Sentimen utama yang memanaskan pasar datang dari Selat Hormuz. Iran bersama Oman dikabarkan tengah menggodok regulasi anyar yang berpotensi membatasi akses kapal-kapal yang dianggap tidak bersahabat untuk melintas di perairan tersebut. Rancangan aturan itu bahkan mencakup usulan denda fantastis hingga 20% dari nilai muatan bagi kapal yang melanggar.

Lebih jauh, Iran juga mengusulkan pungutan sekitar 5%-7% dari nilai kargo bagi setiap kapal yang melintasi Selat Hormuz. Sementara itu, Oman disebut-sebut mengusulkan tarif sekitar 3%, berbeda dengan Amerika Serikat yang menginginkan lalu lintas tetap bebas tanpa pungutan apa pun.

Rencana ini sontak memicu keraguan di kalangan pelaku pasar mengenai prospek normalisasi pengiriman minyak. Empat sumber industri yang dikutip Reuters mengungkapkan bahwa skema tersebut sulit diimplementasikan, mengingat adanya sanksi berat dari Amerika Serikat terhadap Iran serta klausul asuransi yang membatasi mekanisme pembayaran. Tim Waterer, analis pasar utama KCM Trade, menambahkan bahwa pasar masih skeptis terhadap efektivitas kesepakatan baru ini, mengingat upaya serupa di masa lalu hanya bersifat sementara. Kondisi ini secara tidak langsung memberikan dukungan kuat bagi harga minyak.

Di sisi lain, bara ketegangan di kawasan Timur Tengah kembali menyala. Kelompok Houthi di Yaman mengklaim telah melancarkan serangan rudal dan drone ke posisi Saudi di wilayah Marib dan Hadramout pada Kamis lalu, menambah daftar panjang risiko geopolitik yang membayangi pasokan energi.

Sebelumnya, harga minyak sempat tertekan di awal pekan karena harapan akan solusi konflik yang berlangsung sejak akhir Februari. Namun, perkembangan terbaru ini justru membuat premi risiko geopolitik kembali meresap ke pasar.
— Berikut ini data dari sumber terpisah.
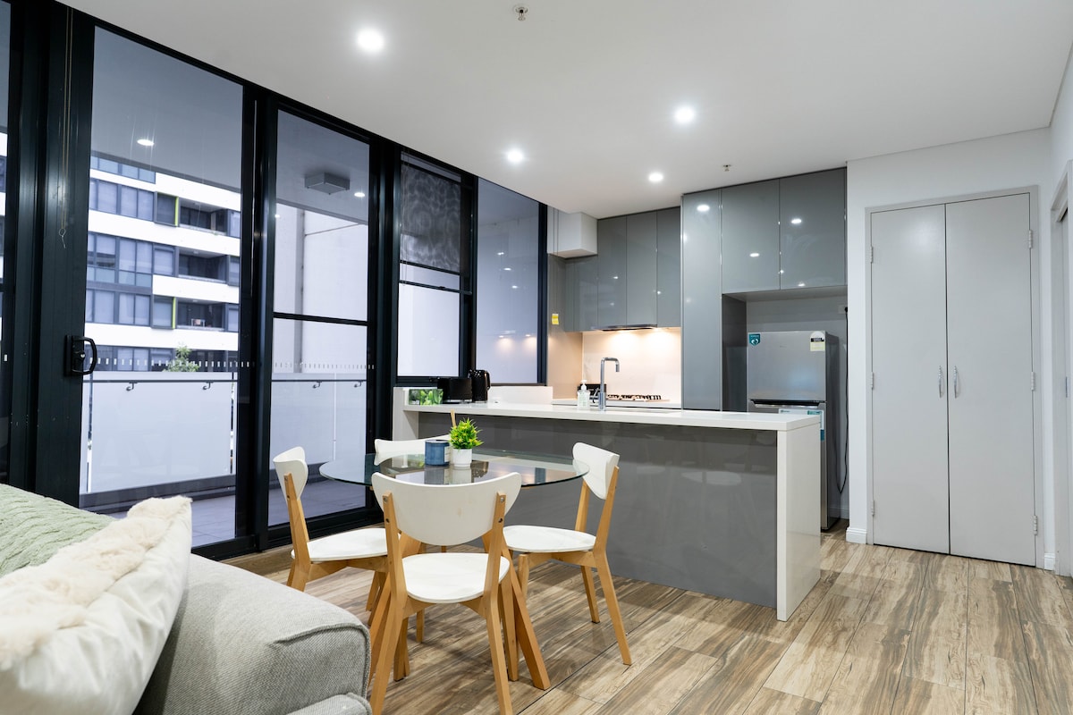 이 새롭고 세련된 아파트에서는 시드니 하버 브리지의 전망을 즐길 수 있습니다. 모든 방에 편안하고 넓은 가구와 퀸사이즈 침대가 마련되어 있어 집과 같은 경험을 선사합니다. 아래층에 있는 무료 헬스장은 여행 중에도 몸매를 유지하는 데 도움이 됩니다. 도보로 2~3분 거리에 훌륭한 레스토랑, 쇼핑(DFO), 의료시설이 있는 훌륭한 위치입니다. 기차역까지 도보로 7분 거리에 있으며, 올림픽 경기장과 아쿠아틱 센터에서 가깝고, 시드니 공항까지 차로 18분 거리에 있습니다.

Akibatnya, harga Brent kembali kokoh di atas US$80 per barel, setelah sempat anjlok di bawah level tersebut untuk pertama kalinya sejak 13 Juli.

Meskipun Presiden Amerika Serikat Donald Trump menyuarakan keyakinan bahwa konflik akan segera berakhir, pelaku pasar tetap menanti kepastian mengenai implementasi aturan pelayaran di Selat Hormuz. Selama jalur strategis ini masih diselimuti ketidakpastian, volatilitas harga minyak diperkirakan akan terus tinggi.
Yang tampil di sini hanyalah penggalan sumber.